El 18 de julio de 1830 los orientales prestaron juramento a la primera constitución del país, quedando libres de toda dependencia extranjera, ya sea española, portuguesa, brasileña o argentina. Conformaron así un estado soberano y se hicieron responsables de gobernarlo ellos mismos, siendo un paso muy importante para el proceso de independencia y para la creación de nuestro estado-nación.

Según los relatos de la época, en horas de la mañana el Gobernador Provisorio Juan Antonio Lavalleja, los integrantes de la honorable Asamblea Nacional Constituyente y los jefes superiores del Ejército y de la Administración Pública, prestaron juramento frente a la primera constitución. La ceremonia principal se realizó en horas de la tarde, en la actual Plaza Constitución de la ciudad de Montevideo; vestidos con sus mejores galas, los ciudadanos en grupos realizaban el juramento de fidelidad con gran fervor patriótico sobre una tarima ubicada en el centro de la plaza. Dicha ceremonia se repitió simultáneamente en todas las ciudades y poblados con cierta importancia en el interior del país.
Estos orientales en aquel lejano 18 de julio del año 1830, fueron partícipes de un hecho histórico de gran trascendencia, ya que no solo juraron fidelidad a la constitución, sino que sentaron las bases de nuestra nación y contribuyeron a la creación de un Estado independiente. Más allá de críticas y aciertos sobre nuestra primera constitución ajustada o no a la realidad en que vivía el país en su etapa de nacimiento, fue muy avanzada para la época.
Estableció derechos individuales a las personas, como la libertad, la igualdad, el derecho a la vida y a la propiedad, buscando crear un estado moderno para la época, con división de poderes y garantías para sus ciudadanos.

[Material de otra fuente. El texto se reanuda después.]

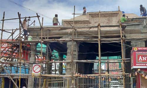 திருப்பரங்குன்றம்; திருப்பரங்குன்றம் 16கால் மண்டபத்தில் மராமத்துபணிகள் துவங்கியது. திருப்பரங்குன்றம் சுப்பிரமணிய சுவாமி கோயிலில் கும்பாபிஷேக பணிகள் நடக்கிறது. அதன் ஒரு பகுதியாக கோயில் முன்பு சன்னதி தெருவிலுள்ள 16கால் மண்டபத்தில் மராமத்து பணிகள் நேற்று முன்தினம் துவங்கியது. கல் தூண்கள் முழுவதும் வாட்டர் வாஷ் பணி முடிக்கப்பட்டு மேல் பகுதியில் ஒடுகள் பதிக்கும் பணியும், முகப்புகளில் அலங்காரப் பணிகளும் நடக்கிறது.
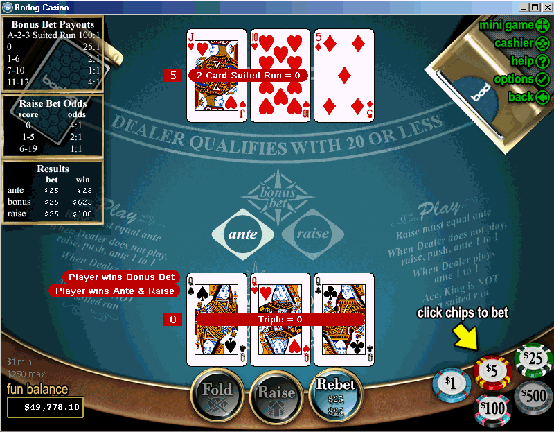 - O jogo começa com o jogador fazendo uma aposta inicial (ante) mais uma aposta bônus opcional.
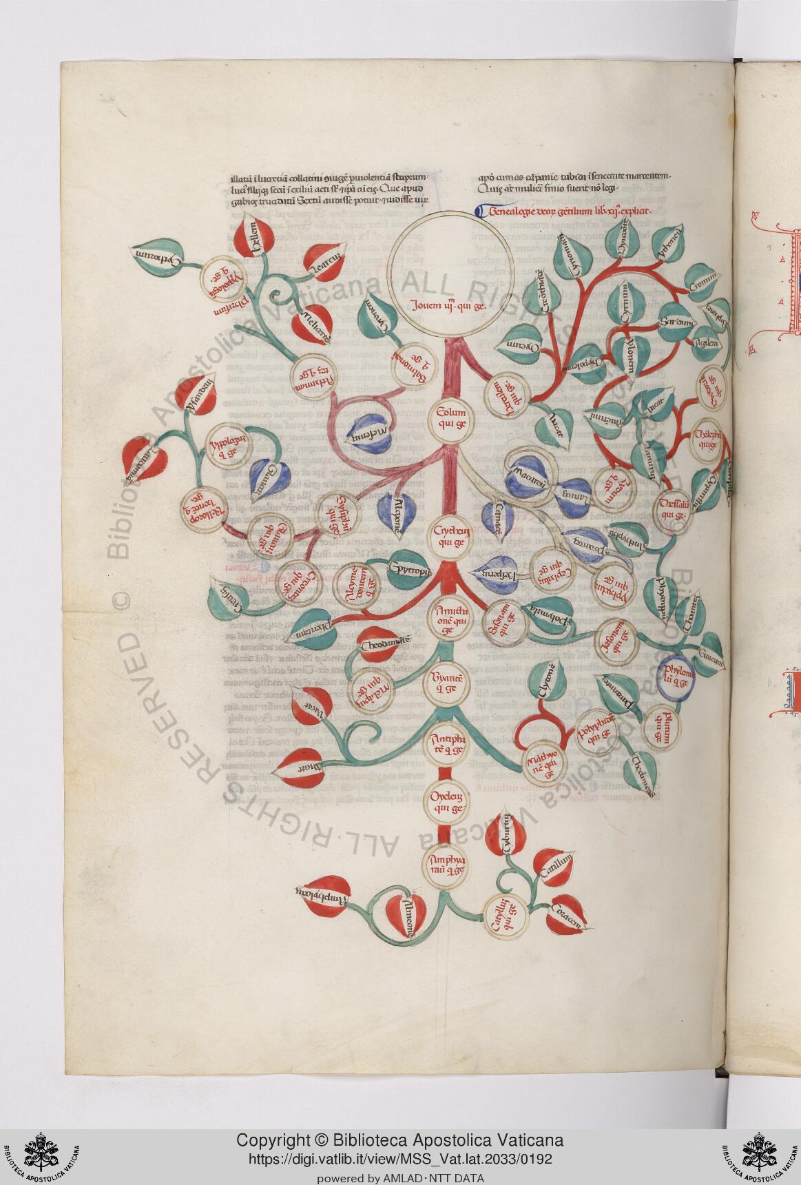 Città del Vaticano, BAV, Vat. lat. 2033, f. 94v. Albero genealogico di Ercole e Eolo.
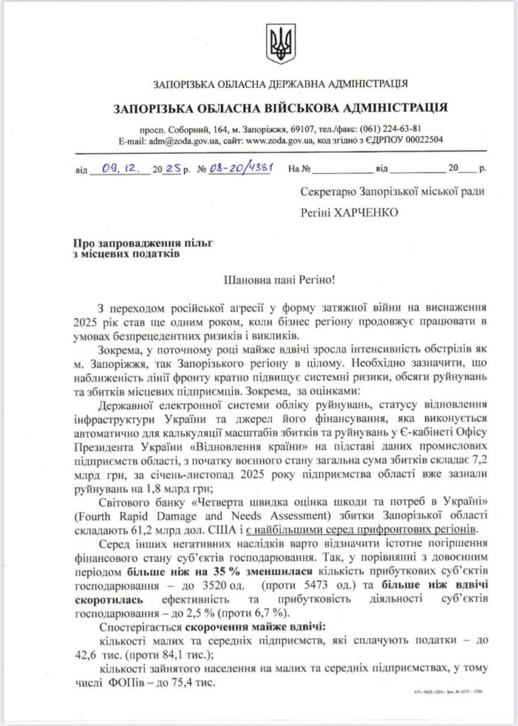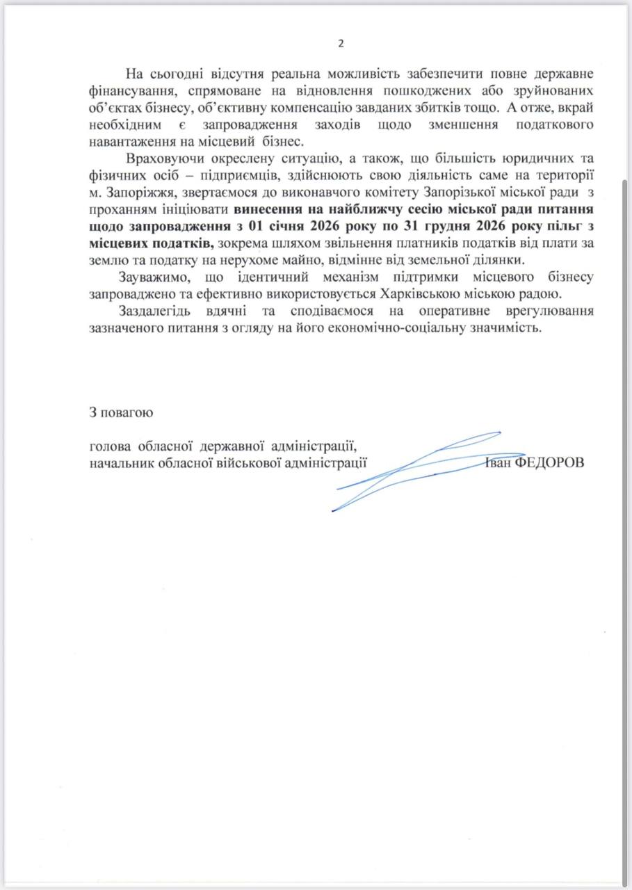 Внес представление в Запорожский городской совет — безотлагательно принять решение о введении налоговых каникул для бизнеса Запорожья с 1 января и на весь 2026 год, — сообщил Федоров.

El juramento de la constitución de 1830 marcó el nacimiento de un Estado independiente, el final de un proceso de lucha por nuestra soberanía, que se inició con Artigas como principal figura en 1811, que prosiguió con la Cruzada Libertadora de 1825, que continuó con las mediaciones inglesas y tuvo su final con la creación del Estado Oriental y su primera constitución. Esta constitución regirá la vida de los uruguayos, tras un difícil comienzo durante todo el siglo XIX y principios del siglo XX hasta su primera reforma en 1917.Fue la que estuvo más tiempo en vigencia sin modificarse y la que sentó las bases de nuestra sociedad actual.
Para la mayoría de los historiadores, la Historia es pasado, presente y futuro, y sin duda aquel juramento de 1830 marcó el final de un pasado de luchas por lograr nuestra soberanía y autonomía como estado, el presente de un Estado que se rige con una constitución y apuesta a vivir en democracia,
como sucedió cuando los ciudadanos orientales en un acto democrático, juraron la primera constitución y marcaron nuestro futuro.